Taking the data below, please print only the lines from the line holding "GROUP OF 3 STERLING" to the line holding "Morel #3 has", inclusive, with pictures omitted.

Recorded data >>
----------------

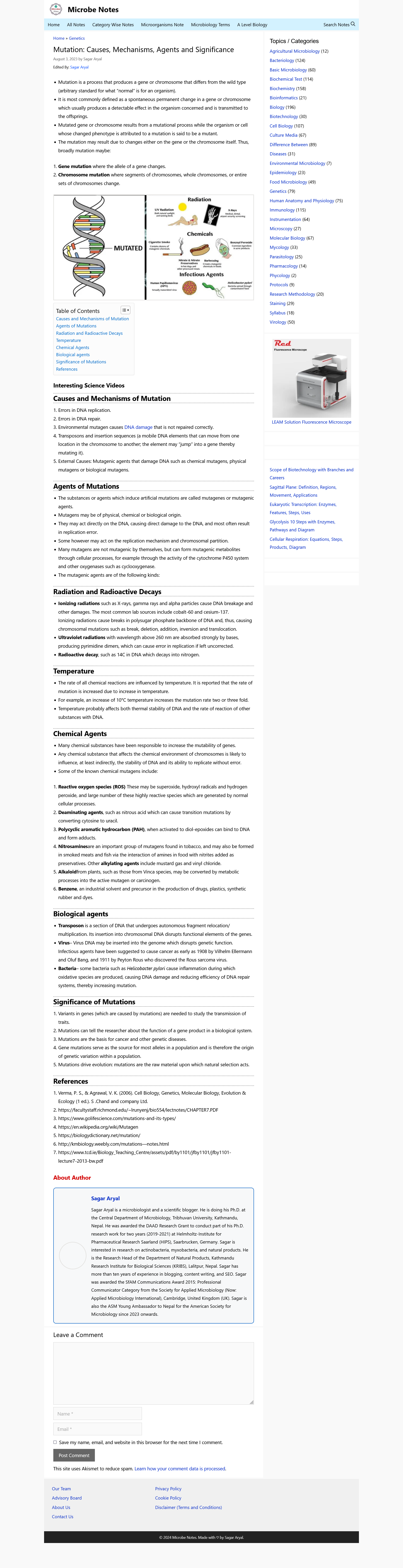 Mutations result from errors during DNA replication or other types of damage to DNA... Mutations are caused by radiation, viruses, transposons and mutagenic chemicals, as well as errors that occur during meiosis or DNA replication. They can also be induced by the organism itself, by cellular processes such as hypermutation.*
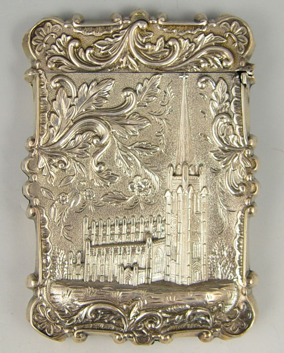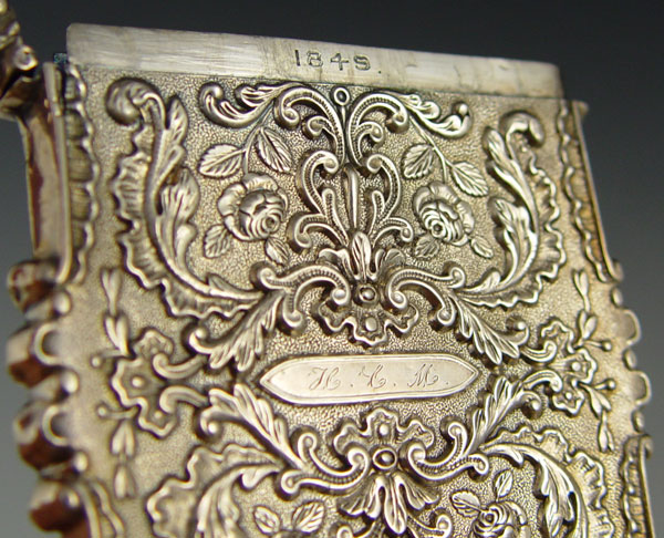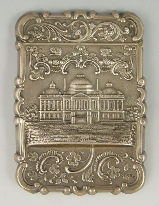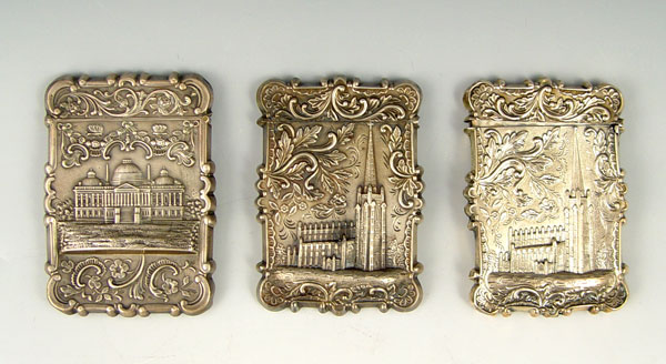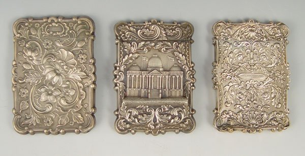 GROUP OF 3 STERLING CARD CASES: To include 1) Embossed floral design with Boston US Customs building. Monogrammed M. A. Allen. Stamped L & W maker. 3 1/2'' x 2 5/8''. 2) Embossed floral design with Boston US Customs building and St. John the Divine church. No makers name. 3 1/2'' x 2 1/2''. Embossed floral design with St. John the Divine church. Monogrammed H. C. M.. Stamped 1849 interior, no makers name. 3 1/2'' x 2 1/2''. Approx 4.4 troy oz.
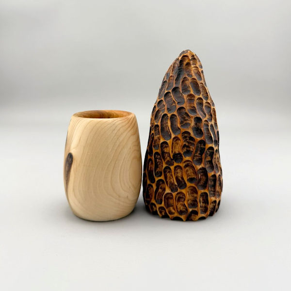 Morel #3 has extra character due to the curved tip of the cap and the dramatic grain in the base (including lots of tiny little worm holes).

----------------

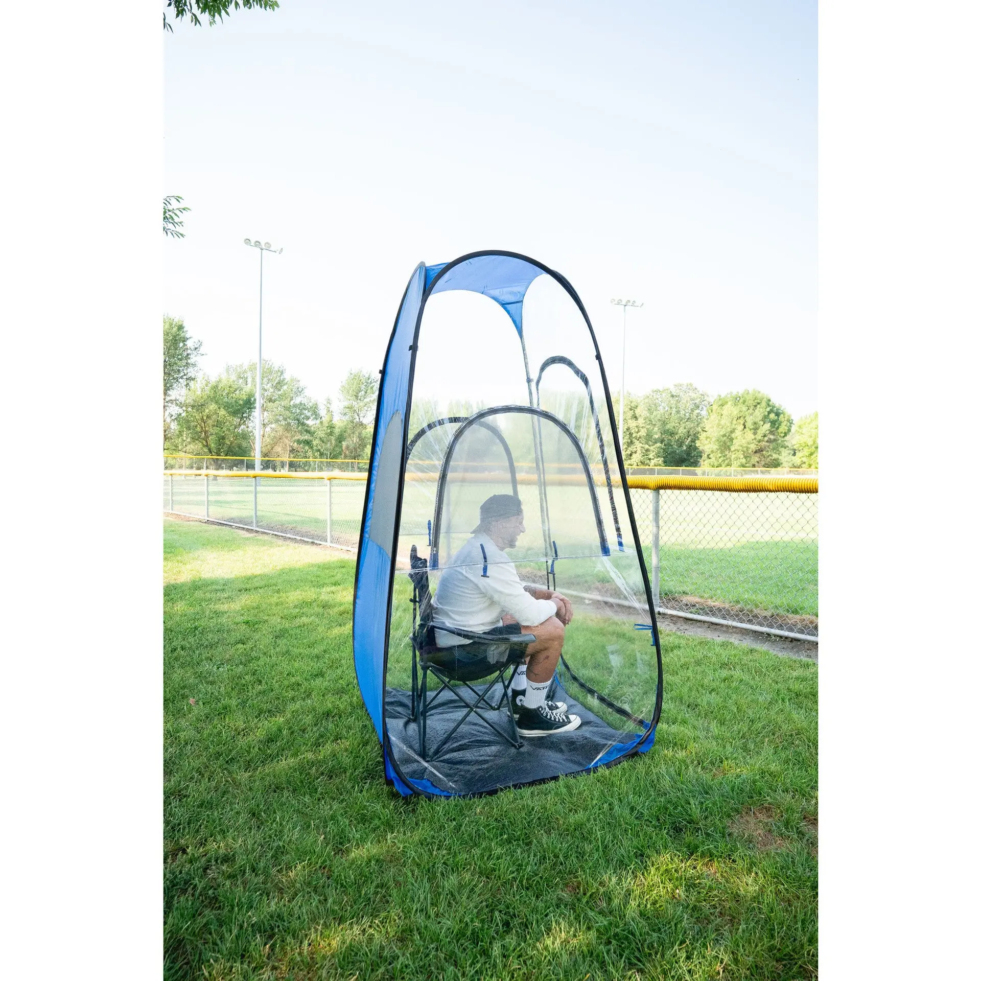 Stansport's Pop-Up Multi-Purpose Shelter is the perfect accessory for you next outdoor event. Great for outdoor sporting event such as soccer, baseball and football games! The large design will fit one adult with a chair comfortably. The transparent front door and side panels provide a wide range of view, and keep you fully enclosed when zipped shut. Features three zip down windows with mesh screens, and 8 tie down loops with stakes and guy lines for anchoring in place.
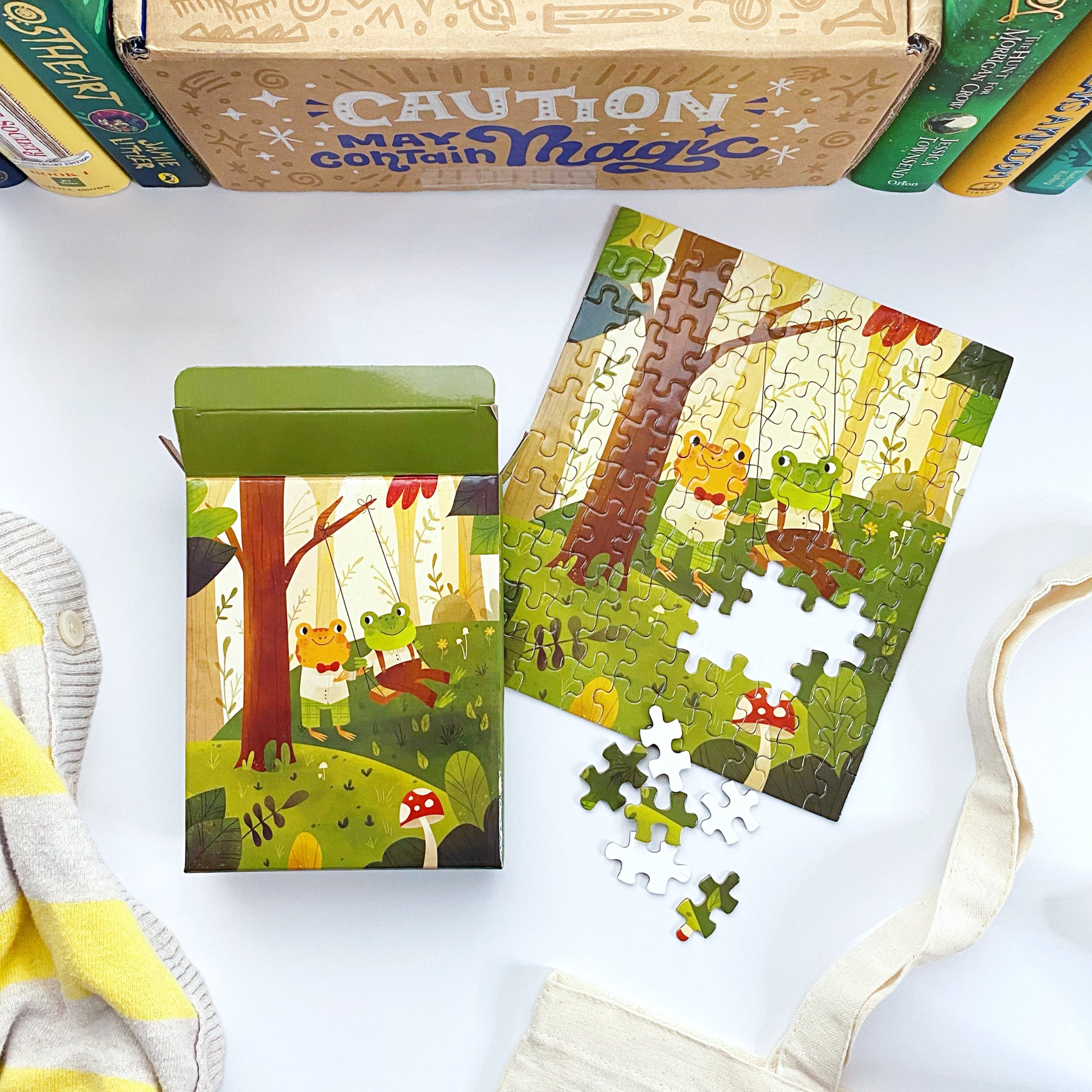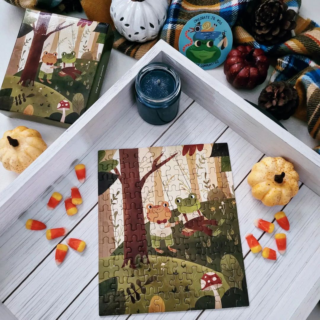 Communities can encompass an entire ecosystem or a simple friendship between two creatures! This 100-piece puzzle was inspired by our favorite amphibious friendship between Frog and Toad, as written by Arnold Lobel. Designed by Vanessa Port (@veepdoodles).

----------------

Worked solution >>
 GROUP OF 3 STERLING CARD CASES: To include 1) Embossed floral design with Boston US Customs building. Monogrammed M. A. Allen. Stamped L & W maker. 3 1/2'' x 2 5/8''. 2) Embossed floral design with Boston US Customs building and St. John the Divine church. No makers name. 3 1/2'' x 2 1/2''. Embossed floral design with St. John the Divine church. Monogrammed H. C. M.. Stamped 1849 interior, no makers name. 3 1/2'' x 2 1/2''. Approx 4.4 troy oz.
 Morel #3 has extra character due to the curved tip of the cap and the dramatic grain in the base (including lots of tiny little worm holes).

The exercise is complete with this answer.